NELL GREENFIELDBOYCE, BYLINE: The Earth formed 4 1/2 billion years ago. Compared to other planets, it emerged pretty close to the sun. There, hot temperatures would mean no water ice, no ice to join with the swirling bits of rock and dust that were running into each other and building up our young planet.
LAURETTE PIANI: That's why we do not know exactly where the water on Earth come from, why we need to find a source of water on Earth.
GREENFIELDBOYCE: Laurette Piani works at a French research lab called CRPG. She says that source of water could have been farther out in the solar system, like maybe icy comets or water-rich asteroids that hit the newly formed Earth and watered it. This has long been the prevailing view.
PIANI: To explain the presence of the Earth's ocean and of the Earth's water in general.
GREENFIELDBOYCE: She wondered, though, if water could have been there at the start. So she and some colleagues recently took a close look at a rare kind of meteorite. It doesn't look like anything special.
PIANI: It's a bit like a gray rock.
GREENFIELDBOYCE: But it's also thought to have formed near the sun and is the same kind of primordial stuff that glommed together to create our planet.
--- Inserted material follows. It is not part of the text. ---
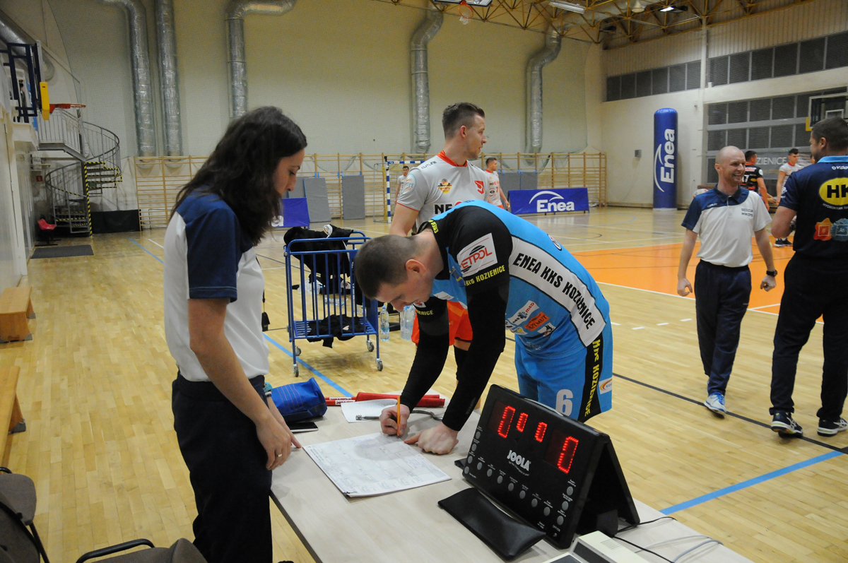 Znacznie gorzej zaczęliśmy drugą partię. Nie skończyliśmy trzech pierwszych ataków i było 2:4. Szybko jednak złapaliśmy kontakt. Goście zepsuli dwie zagrywki, zaatakowali w out, a my ładnie wykorzystaliśmy zamieszanie po ich stronie i było 6:6. Walka punkt za punkt trwała do stanu 12:12. W tym momencie Kędra zakończył bardzo długą wymianę, chwilę potem Jesień dołożył atak ze środka, a Obremski sprytnie obił blok gości i urwaliśmy się na trzy punkty. W drugiej odsłonie ewidentnie błysnął Bartosz Jesień, który kilkukrotnie w ładnym stylu punktował ze środka. Goście próbowali jeszcze złapać kontakt, ale ich zapał ostudziły trudne zagrywki Michała Korycińskiego. Odrzuceni od siatki, nie kończyli akcji, a KKS wygrał tę partię do 22.

And it turns out it contains plenty of hydrogen. That's an indicator of its ability to contribute water to a planetary mix. In fact, if you built a planet out of this material, you'd have at least several oceans' worth of water. These findings, described in the journal Science, made Anne Peslier feel really happy.
ANNE PESLIER: I was happy because it makes it nice and simple.
GREENFIELDBOYCE: She's a planetary scientist at NASA's Johnson Space Center in Houston, Texas, who wasn't part of the research team. She says this old idea that Earth's water came from the outer solar system would have required something unusual, like Jupiter having a little trip through the inner solar system to send water-rich asteroids headed our way.
PESLIER: So here, we just don't need Jupiter. We don't need it to do anything weird. We just grab the material that was there, where Earth formed, and that's where the water comes from.
GREENFIELDBOYCE: Still, she says, even if most of the water was there at the beginning, comets and such probably did deliver some of Earth's water later on. Nell Greenfieldboyce, NPR News.